INFORMATION PROVIDED »
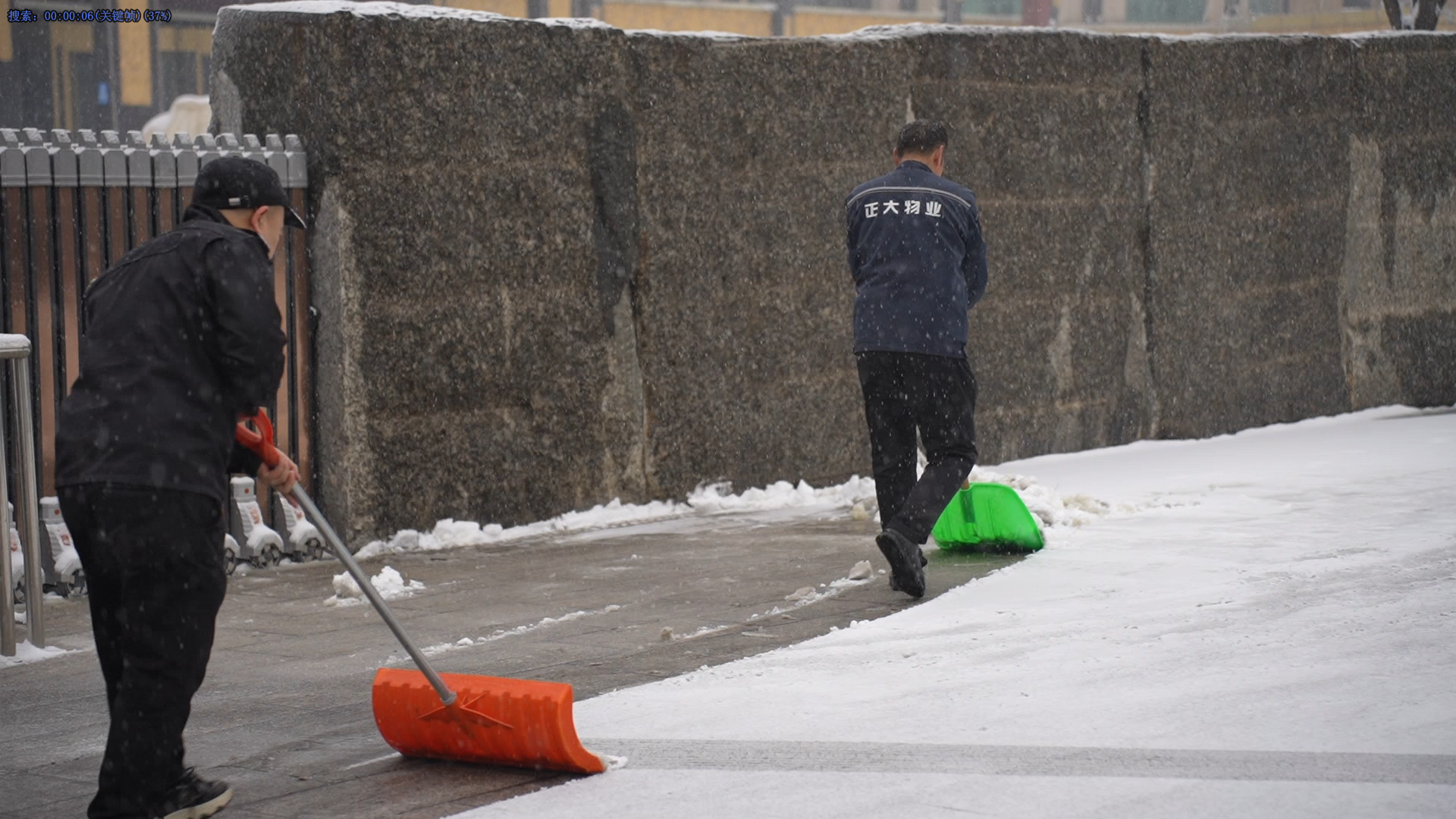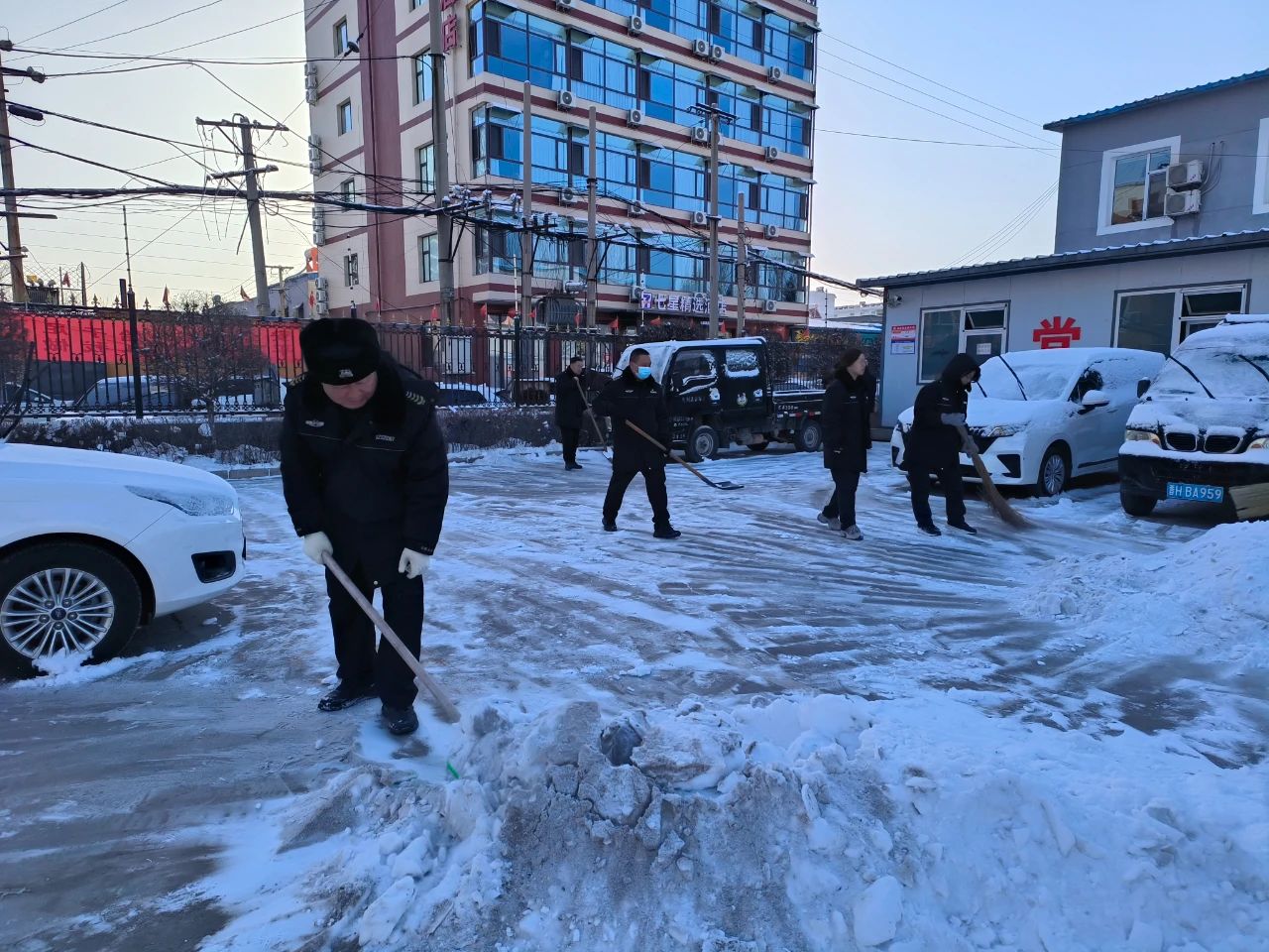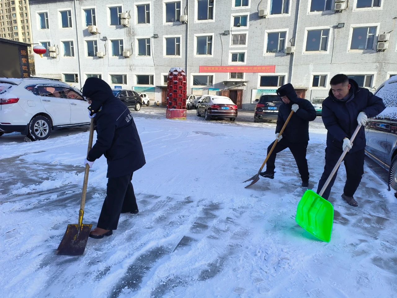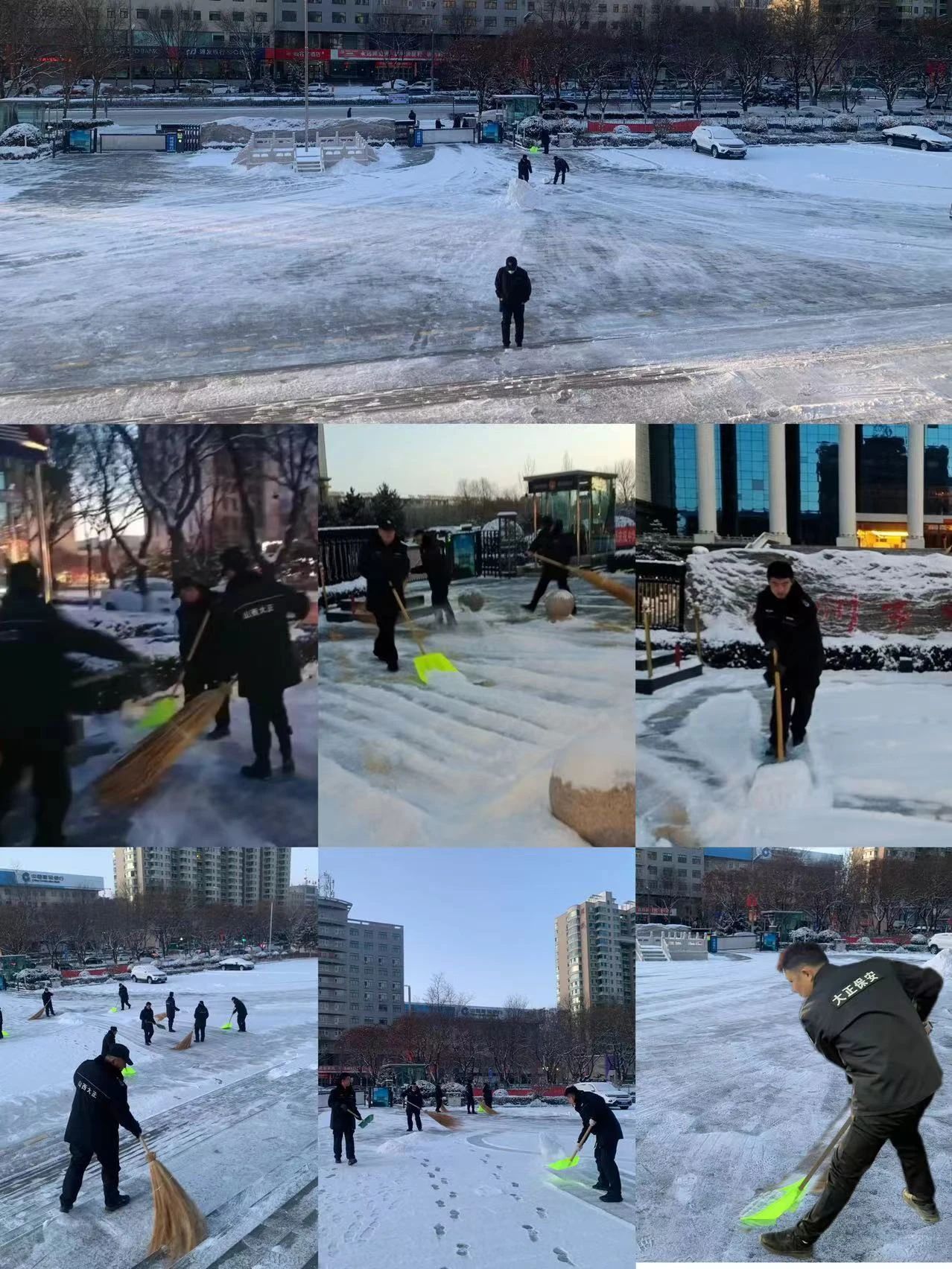 清掃積雪的工作看似簡單,卻充滿了挑戰(zhàn)。積雪已經(jīng)結(jié)成厚厚的冰層,路面濕滑,每一步都需要小心翼翼。盡管如此,保安隊伍從不畏懼嚴寒和困難,始終保持著高度的責任感,認真負責地完成任務(wù)。無論是周邊的道路,還是進出頻繁的停車場,哪里有積雪,哪里就有我們忙碌的身影。在大家的努力下積雪很快被清理干凈,確保了每條道路暢通無阻,為客戶單位提供了一個安全、便捷的環(huán)境,為市民的安全出行保駕護航。
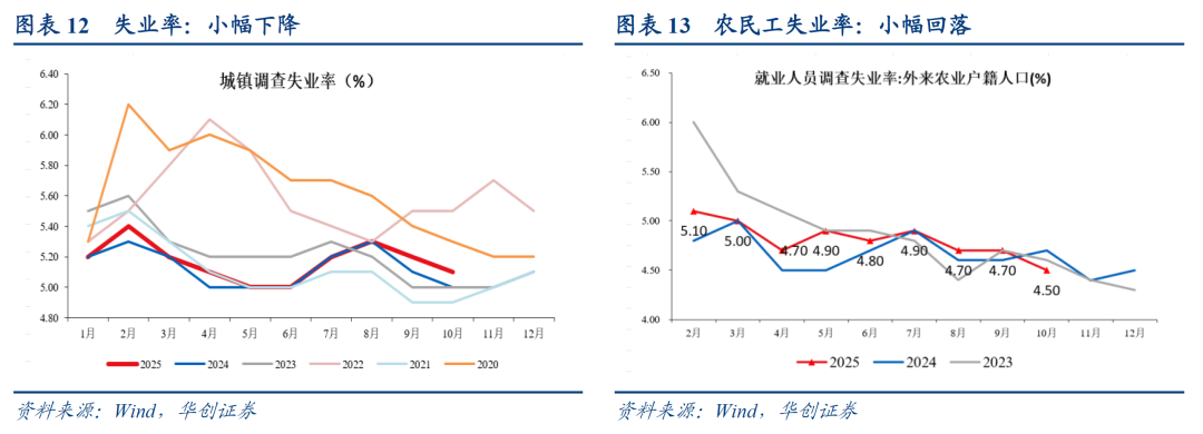 3)限额以下商品消费表现偏弱。10月,限额以下商品(不含餐饮)增速为3.74%,前值为3.77%。考虑到1-9月累计增速为4.24%,以及10月双节因素,10月增速略偏弱。
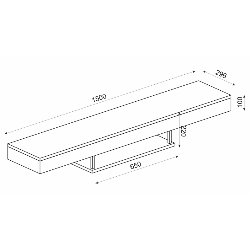 - Διαστάσεις: Μήκος 150 x Βάθος 29,6 x Ύψος 22 εκ.
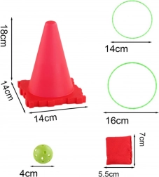 • 3 spellen in 1: balletjes in kegels, zakjes werpen, ringenwerpen
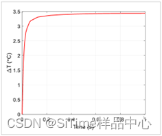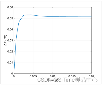 图 4:石英晶体谐振器和带有温度传感器的 CMOS 芯片之间的温差,对流热通量入射在石英晶体顶部。 观察到接近 3.5K 的温度偏移,系统需要将近整整一秒才能稳定到该值。
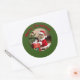 Ratón vestido con Santa Suit está entregando paquetes bajo un árbol. Texto "Feliz Navidad" en rojo con una sombra negra sobre un fondo verde medio. Contenido generativo
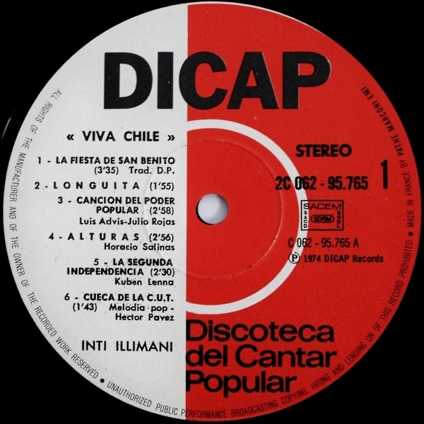 Si mal no recuerdo haber leído, este disco fue el primero lanzado por Inti-Illimani en Italia, pero fue un brevísimo tiempo antes que el Golpe de Estado terminara con los sueños de la Unidad Popular y comenzara el largo exilio que el conjunto viviría en esas tierras.
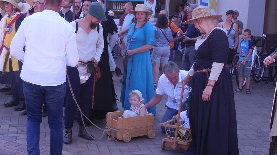 Krótko przed południem rozpoczął się XVI Turniej Rycerski organizowany przez miejscowe bractwo rycerskie herbu TUR. Jego uczestnicy przemaszerowali ulicami starówki, a podczas krótkiego postoju na rynku oddano dwa strzały ze sławetnej już hakownicy. Przy okazji wiceburmistrz zrobił zdjęcie … burmistrzowi, który przyklęknął przy drewnianych wózkach z małymi dziećmi ciągniętymi przez rodziców w średniowiecznych strojach.
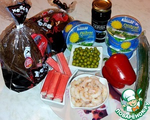 Ингредиенты для «Закусочный торт с крабовыми палочками и креветками»:
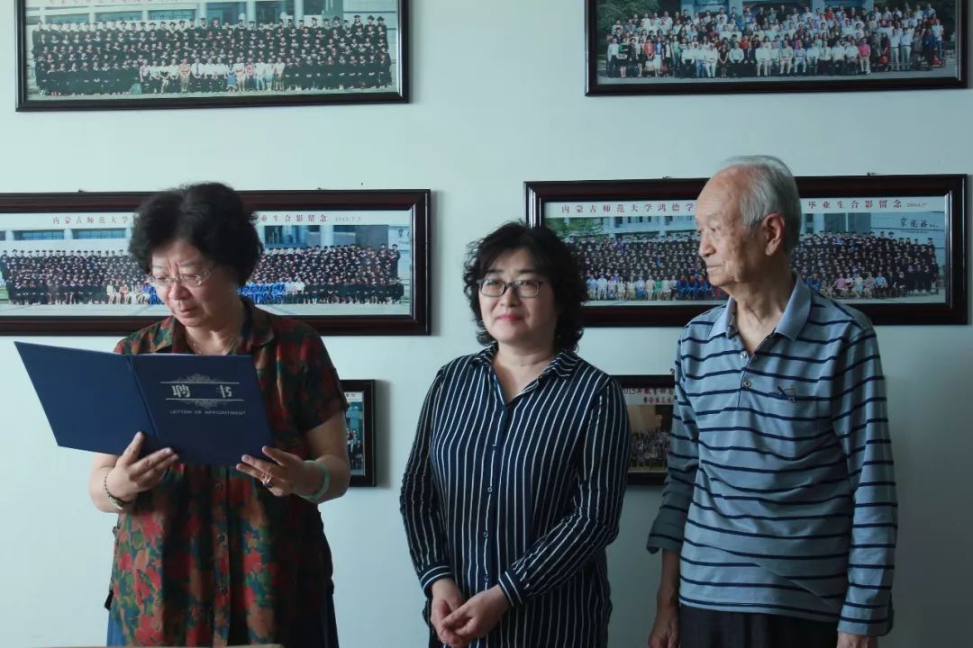 李主任向崔雪雁教授介紹了我系所屬各專業(yè)的基本情況,各專業(yè)的發(fā)展方向,就業(yè)方向,并與李淑章教授共同為崔雪雁教授頒發(fā)“內(nèi)蒙古師范大學鴻德學院客座教授聘書”。

WORK INSTRUCTIONS » All that should be returned is the run of lines from the start of the entries above to the line bearing "zakjes werpen, ringenwerpen", each exact, with pictures omitted.

ANSWER TO THIS TASK »
 清掃積雪的工作看似簡單,卻充滿了挑戰(zhàn)。積雪已經(jīng)結(jié)成厚厚的冰層,路面濕滑,每一步都需要小心翼翼。盡管如此,保安隊伍從不畏懼嚴寒和困難,始終保持著高度的責任感,認真負責地完成任務(wù)。無論是周邊的道路,還是進出頻繁的停車場,哪里有積雪,哪里就有我們忙碌的身影。在大家的努力下積雪很快被清理干凈,確保了每條道路暢通無阻,為客戶單位提供了一個安全、便捷的環(huán)境,為市民的安全出行保駕護航。
 3)限额以下商品消费表现偏弱。10月,限额以下商品(不含餐饮)增速为3.74%,前值为3.77%。考虑到1-9月累计增速为4.24%,以及10月双节因素,10月增速略偏弱。
 - Διαστάσεις: Μήκος 150 x Βάθος 29,6 x Ύψος 22 εκ.
 • 3 spellen in 1: balletjes in kegels, zakjes werpen, ringenwerpen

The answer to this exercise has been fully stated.